Впрочемъ, не только дверь его, но и всѣ бумаги были привезены съ острова, и не было ничего предосудительнаго въ томъ, чтобы заглянуть въ нихъ, пока онъ спалъ, что и сдѣлали.
Оказалось, что почеркъ былъ тотъ же самый, которымъ были писаны документы. Дверь была исписана алгебраическими знаками, начертанными мѣломъ и сохранившимися въ цѣлости, такъ какъ ее чрезвычайно берегли; бумаги состояли главнымъ образомъ изъ летучихъ листковъ, испещренныхъ геометрическими фигурами; иперболы безконечно-длинныя, кривыя не сомкнутыя линіи параболы, элипсисы и сомкнутыя кривыя линіи перекрещивались въ различныхъ направленіяхъ.
Лейтенантъ Прокофьевъ замѣтилъ, что всѣ эти кривыя линіи относились именно къ кометнымъ орбитамъ, такъ какъ эти орбиты бываютъ параболическія, гиперболическія и элпитическія; въ двухъ первыхъ случаяхъ это означало, что наблюдаемая съ Земли комета никогда не могла возвратиться къ земному горизонту; въ послѣднемъ же — что она появлялась на земномъ горизонтѣ періодически, черезъ болѣе или менѣе продолжительный срокъ.
Ясно было, что вычисленія професора относились къ элементамъ кометы; но невозможно было угадать, какова была ея дѣйствительная орбита, такъ какъ астрономы, начиная вычисленіе кометныхъ элементовъ, обыкновенно предполагаютъ у кометы параболическую орбиту.
Изъ всего этого видно было только то, что Пальмиренъ Розетъ, въ бытность свою на Форментерѣ, вычислилъ вполнѣ или отчасти элементы какой-то новой кометы, названія которой не было въ каталогѣ.
Только онъ самъ могъ объяснить, когда были сдѣланы эти вычисленія: прежде или послѣ потопа 1 января.
— Подождемъ, сказалъ графъ Тимашевъ.
— Я жду, но кипячусь, отвѣчалъ Гекторъ Сервадакъ, который отъ нетерпѣнія не могъ ни сидѣть, ни стоять на одномъ мѣстѣ. Я пожертвовалъ бы мѣсяцемъ моей жизни за каждый часъ сна професора, лишь-бы только онъ поскорѣе проснулся.

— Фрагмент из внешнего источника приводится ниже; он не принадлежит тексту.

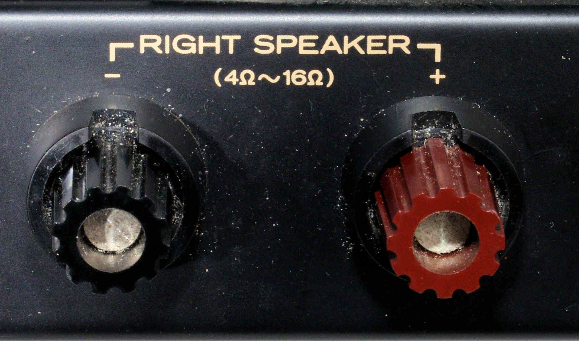 | C85. 修理後 R−SP端子への接続 WBTのネジ止めを生かし、ネジ止め接続+半田接続のW配線にした 理由はこちら参照 |

— Можетъ быть вы остались бы въ накладѣ, капитанъ, сказалъ лейтенантъ Прокофьевъ.
— Какъ? если бы узналъ будущность нашего астероида?…

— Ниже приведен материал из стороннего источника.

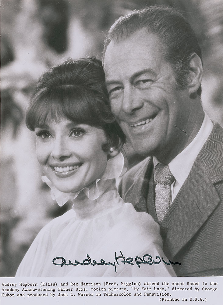 Glossy 7 x 9.5 Warner Bros. promotional photo of Hepburn and Rex Harrison for My Fair Lady, signed in black felt tip by Hepburn. In very good to fine condition, with trimmed edges and a crease to right side. Pre-certified PSA/DNA and RR Auction COA.

— Я не хотѣлъ-бы разочаровывать васъ, капитанъ, но изъ того, что професоръ знаетъ элементы кометы Галліи, не слѣдуетъ еще, чтобы онъ могъ сообщить намъ свѣдѣнія объ осколкѣ земнаго шара, вращающемся въ пространствѣ. Да и есть-ли еще какое нибудь соотношеніе между кометою, появившеюся на земномъ горизонтѣ, и этимъ осколкомъ?

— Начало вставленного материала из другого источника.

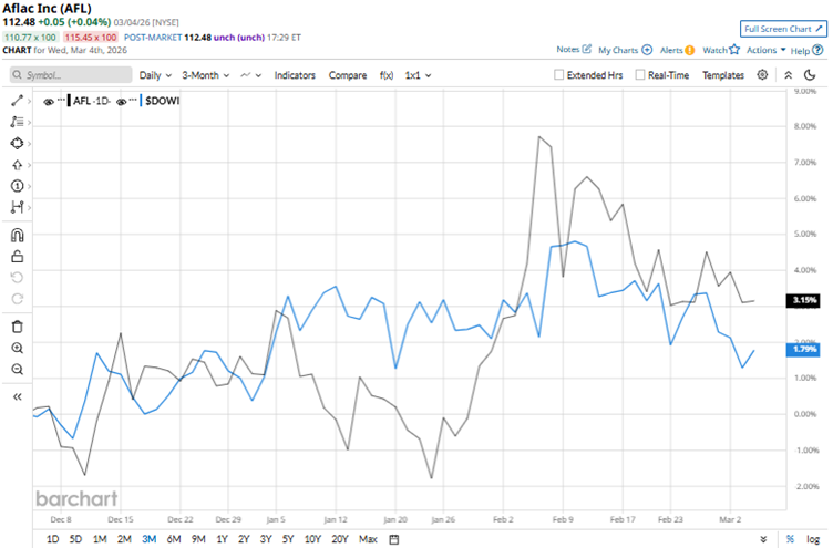 Aflac Incorporated (AFL) is an insurance company that provides supplemental financial‑protection products to individuals and groups, mainly in the U.S. and Japan. Its operations focus on helping people cover costs when major medical or life‑insurance benefits fall short. The company’s headquarters are in Columbus, Georgia. It has a market capitalization of $58.06 billion, making it a “large-cap” stock. Aflac’s shares reached a 52-week high of $119.32 on Feb. 5, but are down 5.7% from that level. The market reflects Aflac’s slow but steady growth profile, as evidenced by its modest stock price gains. Over the past three months, the stock has gained 3%. Contrarily, the broader Dow Jones Industrial Average ($DOWI) is up 1.9% over the same period. Therefore, the stock has outperformed the wider index over this period. Investors Are Bullish on Alphabet Stock - Piling Into GOOGL Call Options With Huge Unusual Options Volume This Oil Stock Just Soared 130%. Should You Chase Battalion Oil Here? Stock Index Futures Higher as Investors Digest U.S. ADP Jobs Report Tired of missing midday reversals? The FREE Barchart Brief newsletter keeps you in the know. Sign up now! However, this outperformance has not been seen over the past year. Over the past 52 weeks, the stock has increased 4.5%, while the Dow Jones index is up 14.6%. Aflac’s shares have increased 2% year-to-date (YTD), while the index has gained 1.4%. Aflac’s stock has been trading above its 50-day moving average since late January, but has recently been hovering near it. The stock has also been trading above its 200-day moving average since late October. Aflac reported its fourth-quarter results for fiscal 2025 on Feb. 4. The company’s quarterly revenue declined by 9.9% year-over-year (YOY) to $4.87 billion. However, this was higher than Street analysts' expectations, leading the stock to gain 3.4% intraday on Feb. 5. For 2026, the company remains focused on third-sector products in the Aflac Japan segment to appeal to younger customers seeking integrated financial protection and services across the different stages of their lives. In the U.S. segment, the company is focused on profitable growth through strong underwriting discipline and improved productivity of agents and brokers. We compare Aflac’s performance with that of another life insurance stock, MetLife, Inc. (MET), which has dropped 10.1% over the past 52 weeks and 7.1% YTD. Therefore, Aflac has been the clear outperformer over these periods. Wall Street analysts are tepid on Aflac’s stock. The stock has a consensus rating of “Hold” from the 15 analysts covering it. The mean price target of $112.38 is approximately flat from current levels. However, the Street-high price target of $130 indicates a 15.6% upside. On the date of publication, Anushka Dutta did not have (either directly or indirectly) positions in any of the securities mentioned in this article. All information and data in this article is solely for informational purposes. This article was originally published on Barchart.com

— Конечно, есть, чортъ возьми! Ясно, какъ день что…
— Что?… перебилъ графъ Тимашевъ.
— Что Земля столкнулась съ какою-то кометою и что, вслѣдствіе этого столкновенія отъ земли оторвался осколокъ, на которомъ мы носимся!
Графъ Тимашевъ и лейтенантъ Прокофьевъ переглянулись вмѣсто отвѣта на эту гипотезу, такъ рѣшительно высказанную. Какъ ни невѣроятно столкновеніе Земли съ кометою, но оно возможно. Имъ объяснялся необъяснимый доселѣ феноменъ и необычайныя дѣйствія, причина которыхъ ускользала прежде.
— Можетъ быть вы и правы, капитанъ, приговорилъ лейтенантъ Прокофьевъ, помолчавъ нѣсколько минутъ. Можно допустить такое столкновеніе, какъ и то, что оно можетъ оторвать отъ Земли порядочный обломокъ. Если этотъ фактъ совершился, то громадный дискъ, который мы видѣли въ ночь послѣ катастрофы, ничто иное, какъ комета, которая, вѣроятно, уклонилась отъ своей нормальной орбиты и неслась такъ быстро, что земной шаръ не могъ удержать ее въ своемъ притягательномъ центрѣ.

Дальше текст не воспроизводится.